İdari işlemin sebebiyse idareyi, idari eylemi yapmaya sevk eden unsurdur. Ayrıca idarenin meydana getirdiği her işlemin bir sebebe bağlı olmasının gerekliliğinin yanında idare, yaptığı işlemi bir sebebe dayandırmaz ya da dayandırdığı sebep geçersiz olursa; bu durum, idari işlemin de hukuka aykırı olduğu sonucunu doğurmaktadır.
İdarenin konu unsuruyla, idari işlem yapıldıktan sonra hukuk alanında meydana gelen değişiklik kast edilmektedir. Bu aşamada önemle belirtmek gerekir ki; idari işlemin konusu imkansız, hukuka aykırı, ölçüsüz olmamalıdır ve idari işlemin konusuyla sebep unsuru arasında daima ölçülülük esas olmalıdır. Kanun veya mevzuat içerisinde, idari işlemin dayanması gereken sebep ya da hukuk düzeninde meydana getirmesi gereken değişiklik belirtilmemişse, neden ve konu ögesi bakımından idarenin takdir yetkisinin mevcut olması mümkündür.
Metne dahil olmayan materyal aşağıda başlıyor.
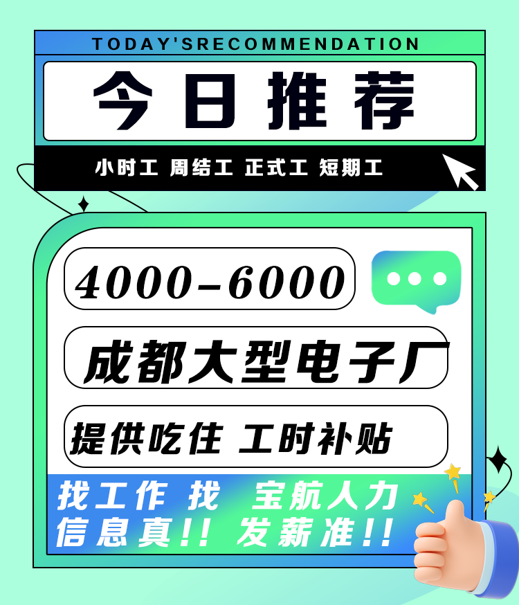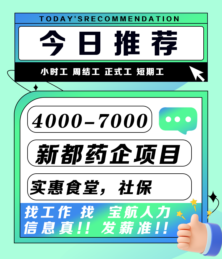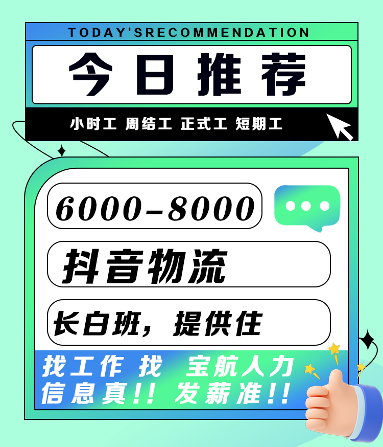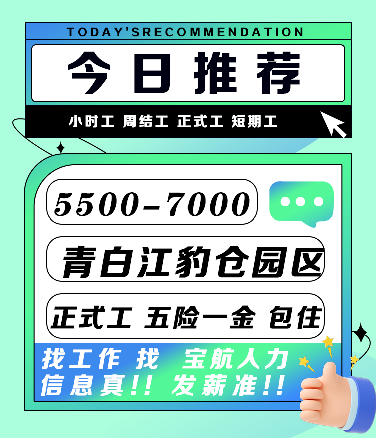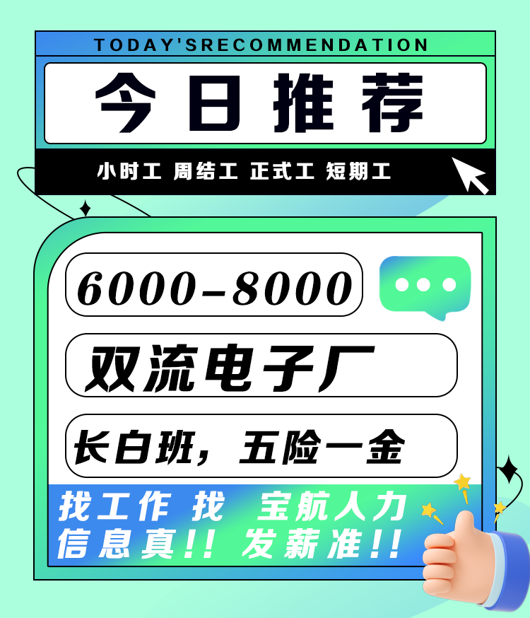 >【今日主推岗位】正式工+小时工+长白班,速速报名!

Son olarak yetki bahsine geldiğimizde idare; serbest hareketlerle faaliyetlerini yerine getirdiği durumlarda bile, kanunların ve diğer düzenleyici işlemlerin sınırı içerisindedir. Bu nedenle idarenin yetki ögesi kapsamında takdir yetkisine sahip olması mümkün değildir.
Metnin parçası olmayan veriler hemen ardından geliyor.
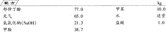 (1)合成氯甲酸邻仲丁基苯酯 将邻仲丁酚投入反应釜,再投入甲苯,开动搅拌,控制温度在-5~0℃,投入液态光气,然后在45~90min内,按邻仲丁酚∶NaOH=1∶2.2~1∶2.4(摩尔比)先慢后快地逐渐加入20%浓度的烧碱水溶液,加完后,保温反应15~30min,出料,静置,放去水层,便得到产物的甲苯溶液。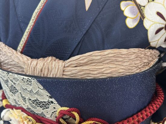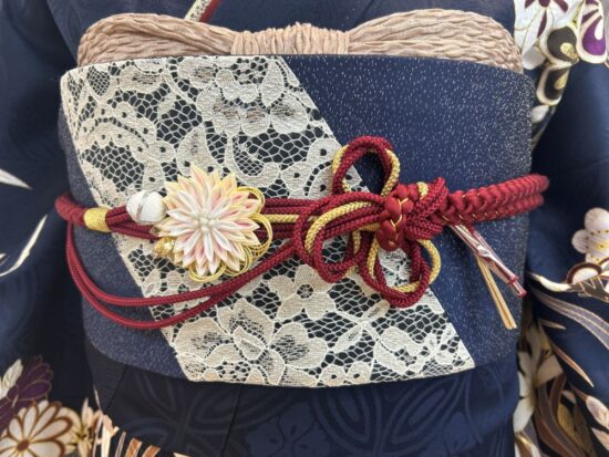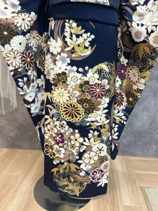 紺色の振袖に金彩とレースが織り成す伝統とモダンの融合

Hukuk devleti ilkesinin gerçekleştirilebilmesi sadece idarenin hukuka dayalı işlem tesisine bağlı değildir; hukuk devleti ilkesinin tam olarak gerçekleştirilebilmesi için aynı zamanda idarenin etkinliklerinin de denetlenmesi gerekmektedir. Genel olarak yargı denetiminin, hukuka ve ihtiyaca uygunluk (yerindelik denetimi) olarak iki dala ayrıldığı görülmektedir. Bu ayrımla beraber, idarenin denetimi için farklı sistemler mevcut olsa da Türk yargı sistemine göre idari işlemler İdari Yargılama Mahkemeleri’nde denetlenmektedir. İdarenin bağlı yetkiye dayanarak gerçekleştirdiği işlemler için, yargı denetiminin mevcut olduğu mutlak olarak kabul edilse de takdir yetkisi çerçevesinde gerçekleştirdiği işlemler için yargısal denetimin varlığı belirsizdir.
Mevcut olan belirsizliği Anayasa’nın 125. maddesinde bulunan “İdarenin her türlü eylem ve işlemlerine karşı yargı yolu açıktır.” şeklindeki hükme bakarak çözümlemek en doğrusudur. Bu madde hükmünün lafzını göz önünde bulundurduğumuzda, her türlü kelimesinden; yargı denetiminin idarenin, takdir yetkisini kullanarak gerçekleştirdiği eylemleri de kapsadığını söyleyebilmekteyiz. Ancak bu denetimin içeriği, hukuka uygunluk denetimiyle sınırlıdır. Hukuka uygunluk denetimi yapılırken sadece kanuna uygunluk değil; tüzüklere, yönetmeliklere, tali mevzuata, yazılı olmayan hukukun genel ilkelerine uygunluk da denetlenmektedir. Ayrıca bu denetim yapılırken, idarenin takdir yetkisini kaldıracak kararlar vermemeye ve yerindelik denetiminin alanına girmemeye de dikkat edilmelidir. Bahsedilen durum 2577 sayılı İdari Yargılama Usulü Kanunu m.2’de, “…İdari yargı yetkisi, idari eylem ve işlemlerin hukuka uygunluğunun denetimi ile sınırlıdır. İdari mahkemeler; yerindelik denetimi yapamazlar, yürütme görevinin kanunlarda ve Cumhurbaşkanlığı kararnamelerinde gösterilen şekil ve esaslara uygun olarak yerine getirilmesini kısıtlayacak, idari eylem ve işlem niteliğinde veya idarenin takdir yetkisini kaldıracak biçimde yargı kararı veremezler…” olarak ifade edilmektedir.